Give exactly the lines from the one with "Like a panther" through the final line of the listing below, both included, leaving out any pictures.

___

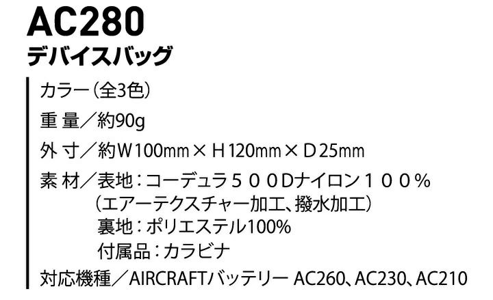 他の画像を見る 高強度耐久性のあるコーデュラ500Dクロス使用のデバイスバッグ バートル 空調ファン付きウェア デバイスバッグ エアークラフト AC280 バッテリーケース 収納 2021年モデル 作業服 作業着 熱中症対策 BURTLE 本体価格 ¥ 1,989 税込 在庫切れ カートに入れる お気に入りに登録する
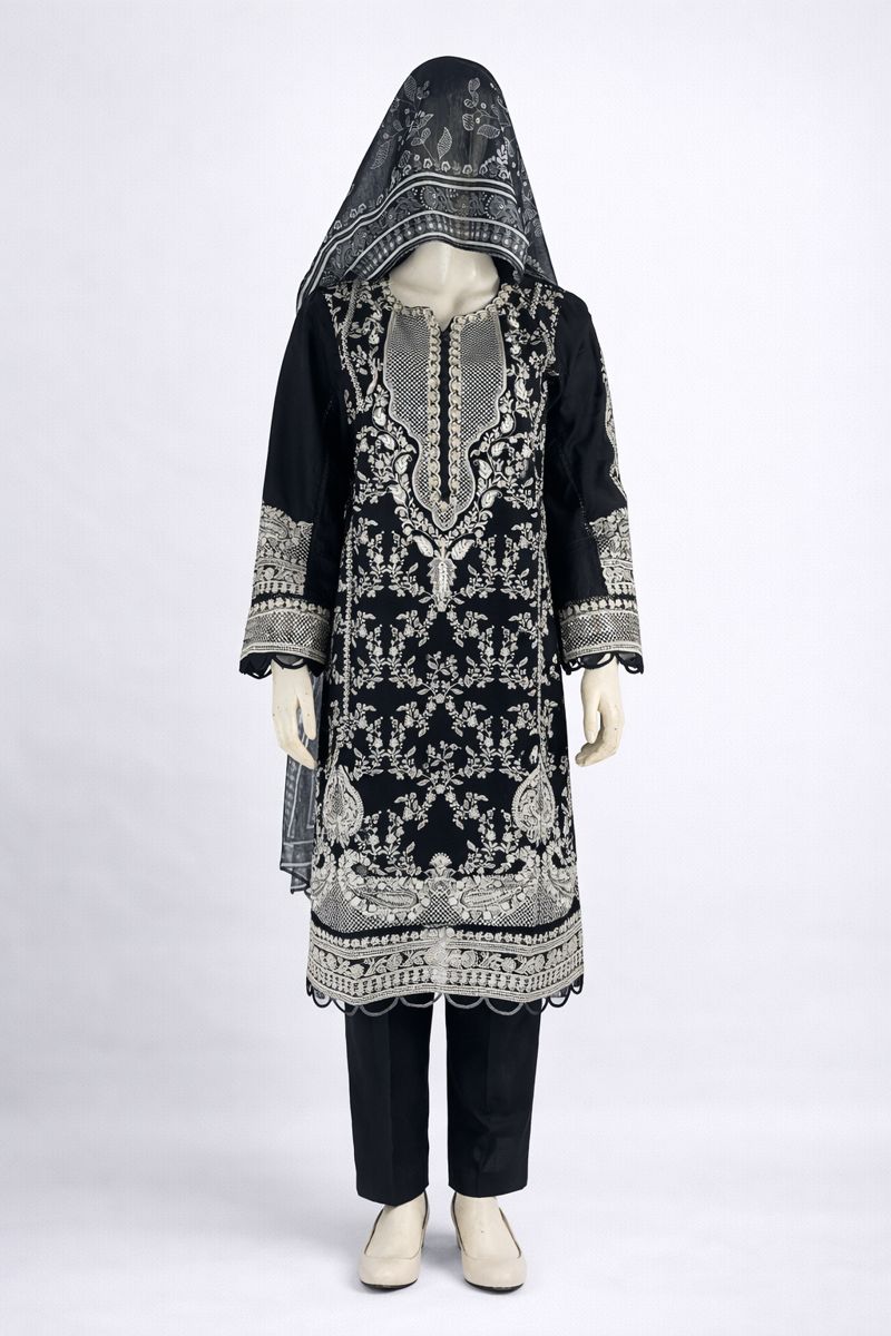 The look is completed with a beautifully coordinated dupatta that complements the embroidered details and adds a touch of elegance and flow. Ideal for casual wear, festive gatherings, and semi-formal occasions, this versatile ensemble blends traditional charm with modern styling.
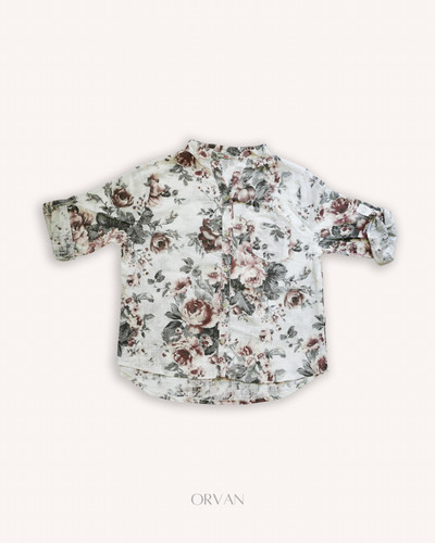 شومیز گلدار زنانه با پارچه لینن ایتالیایی | زمینه سفید و یقه گرد
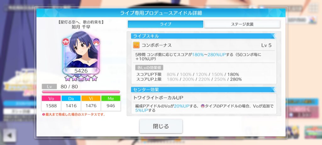 編成PアイドルのVoが20%UPする。トワイライトタイプのPアイドルの場合、Voが追加で5%UPする
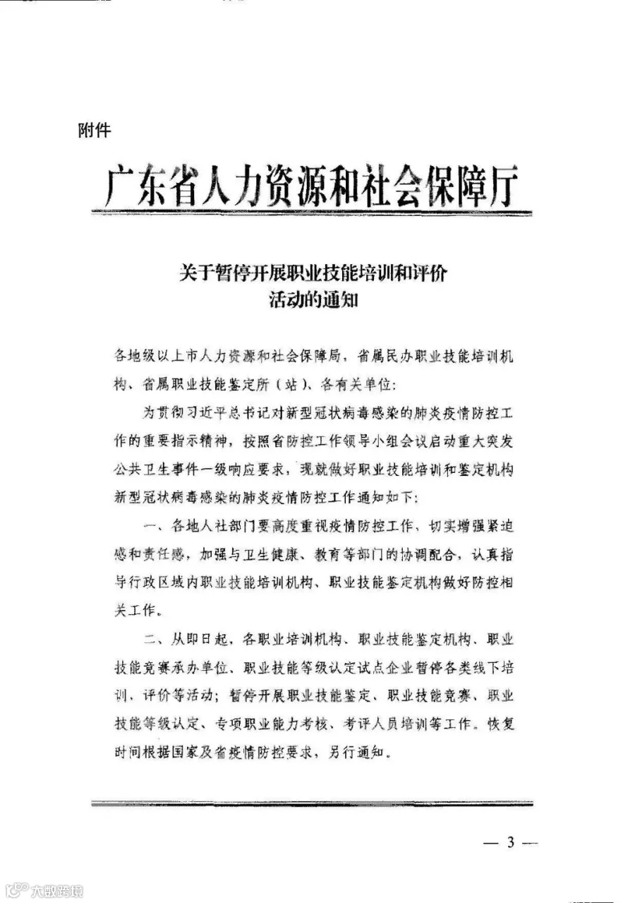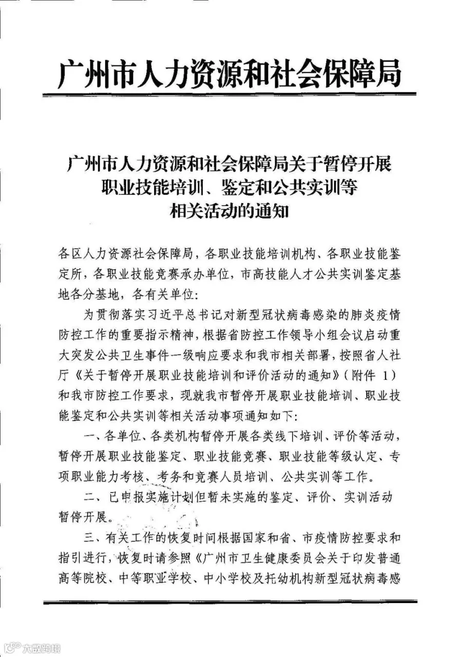 附件:关于暂停开展职业技能培训、鉴定和公共实训等相关活动的通知
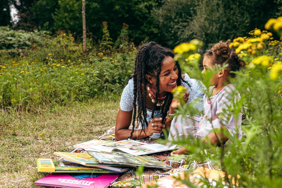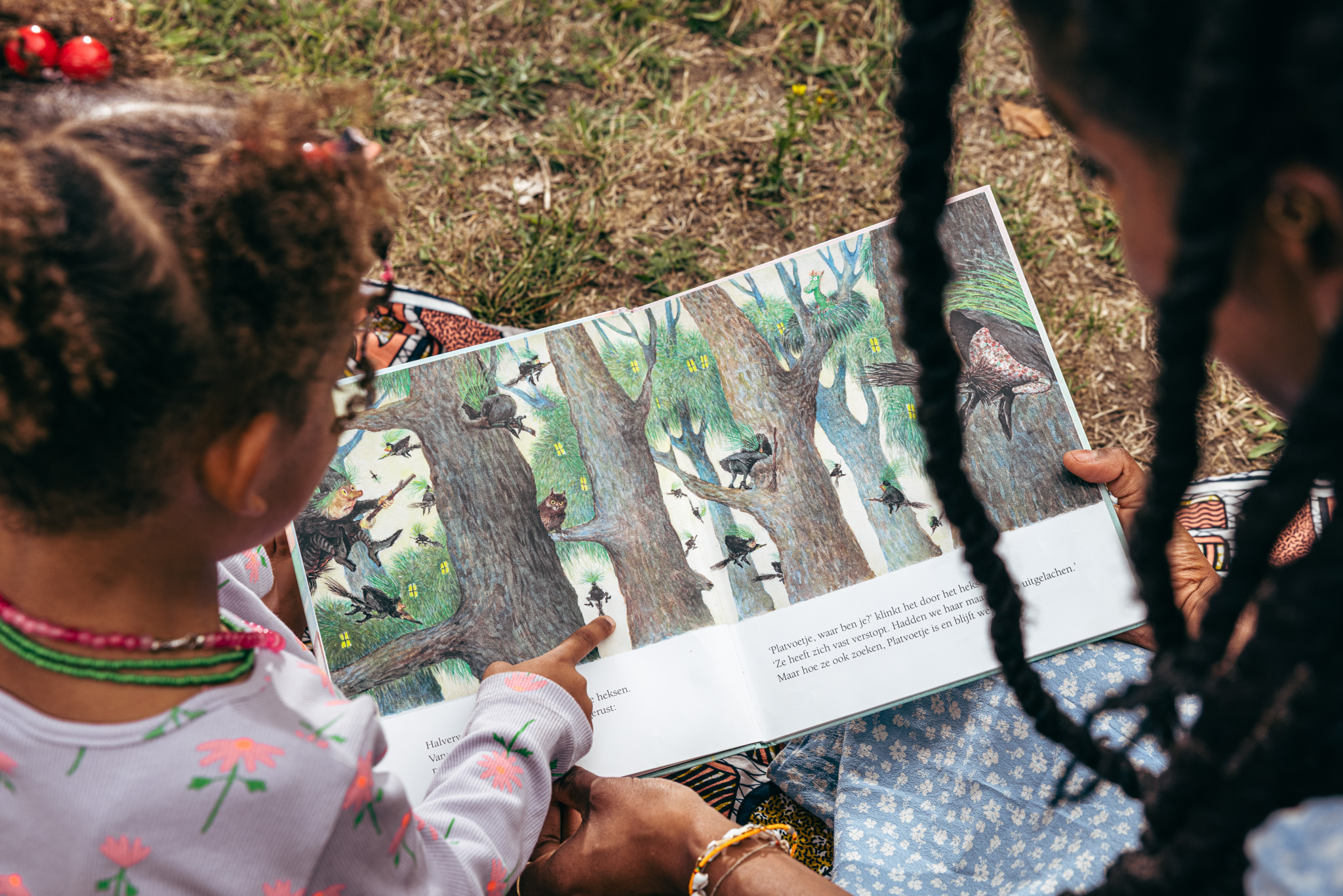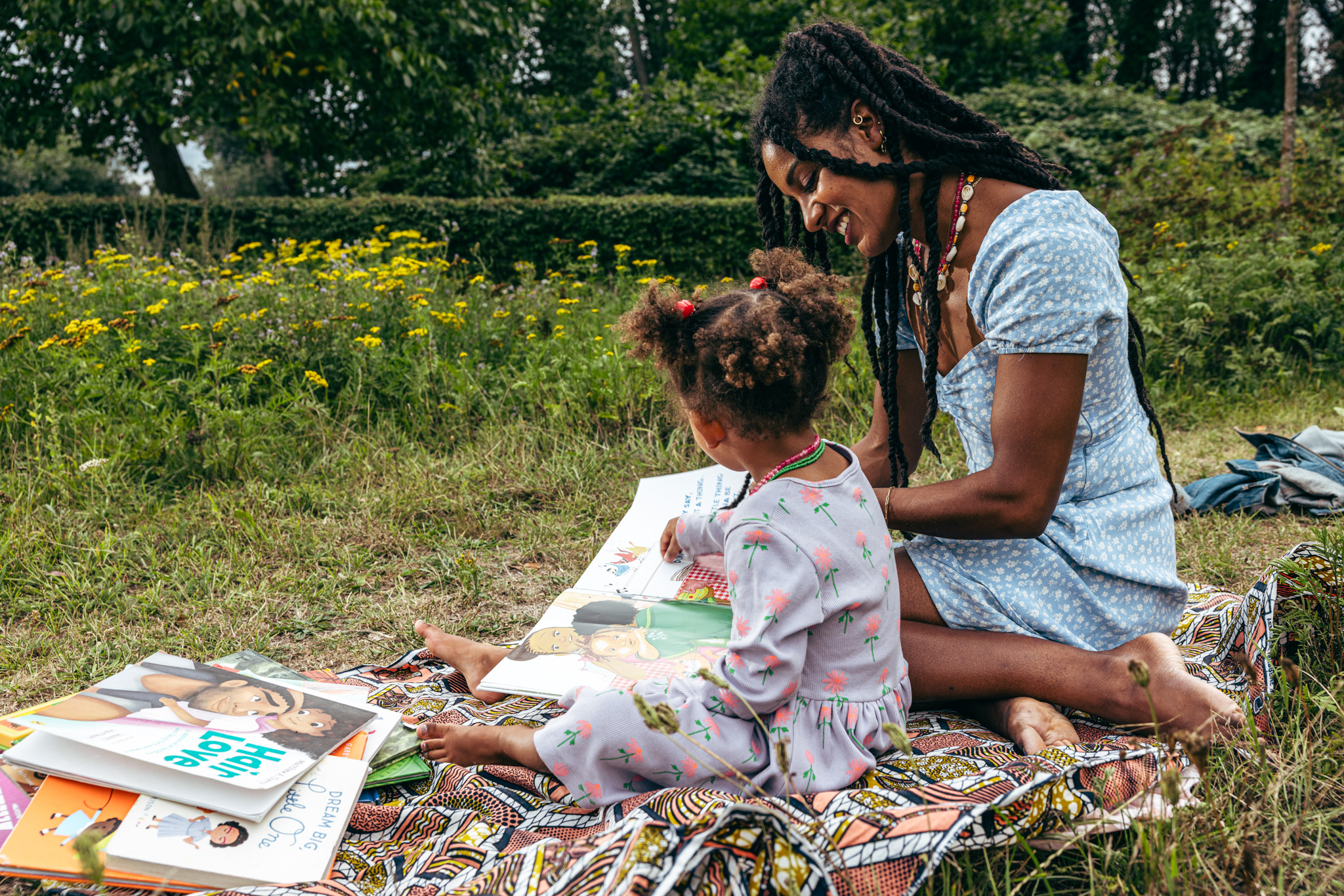 ‘Omdat ik die ervaring lang heb gemist, let ik erop dat mijn dochter zich wel kan herkennen in de boeken die ik voorlees. Zo moeilijk is dat vandaag niet meer. Zeker in het Engels heb je een groot aanbod aan boeken met personages van kleur, maar ook in Nederlandstalige kinderboeken zie je steeds meer diversiteit. Inspiratie vind ik online bij Cargo Confetti, een platform voor inclusieve kinderboeken. En verder probeer ik, als ik ergens kom, mooie boekhandels op te zoeken.’
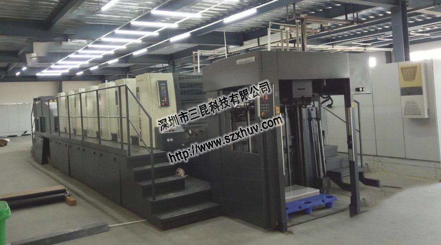 ▲在這種情況下,在河南南陽某客戶的曼羅蘭700 7 + 1膠印機上安裝了LED UV固化系統(tǒng)。 客戶使用了杭華161普通
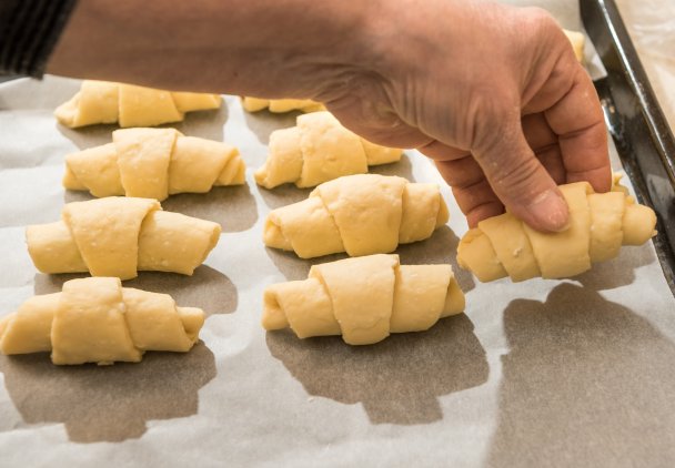 Blachę piekarnika wyściel papierem do pieczenia. Rogaliki układaj na blaszce w równych odstępach. Gotowe rogaliki posmaruj rozbełtanym białkiem.
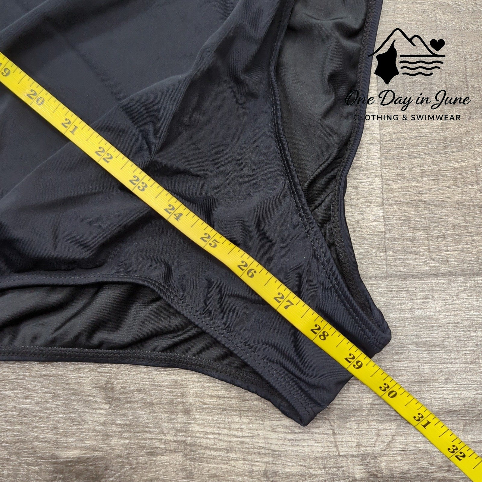 Like a panther stalking through the shimmering fever dream of a neon beach town, this sleek black Charmleaks one-piece cuts a silhouette so dangerous it could be classified as a weapon. The V-neck plunges with reckless abandon while mesh panels reveal just enough skin to make the poolside conservatives twitch nervously in their lounge chairs, all wrapped in a polyester-spandex blend that hugs the body like a second skin designed by some twisted fashion genius with a vendetta against modesty.
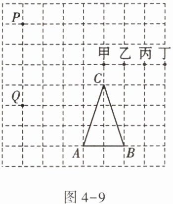15. (★★)如图 4 - 9,若 $ A $,$ B $,$ C $,$ P $,$ Q $ 和甲、乙、丙、丁都是方格纸中的格点,为使 $ \triangle ABC \sim \triangle PQR $,则点 $ R $ 应是甲、乙、丙、丁四点中的【 】

___

*Exercise solution:*
 Like a panther stalking through the shimmering fever dream of a neon beach town, this sleek black Charmleaks one-piece cuts a silhouette so dangerous it could be classified as a weapon. The V-neck plunges with reckless abandon while mesh panels reveal just enough skin to make the poolside conservatives twitch nervously in their lounge chairs, all wrapped in a polyester-spandex blend that hugs the body like a second skin designed by some twisted fashion genius with a vendetta against modesty.
15. (★★)如图 4 - 9,若 $ A $,$ B $,$ C $,$ P $,$ Q $ 和甲、乙、丙、丁都是方格纸中的格点,为使 $ \triangle ABC \sim \triangle PQR $,则点 $ R $ 应是甲、乙、丙、丁四点中的【 】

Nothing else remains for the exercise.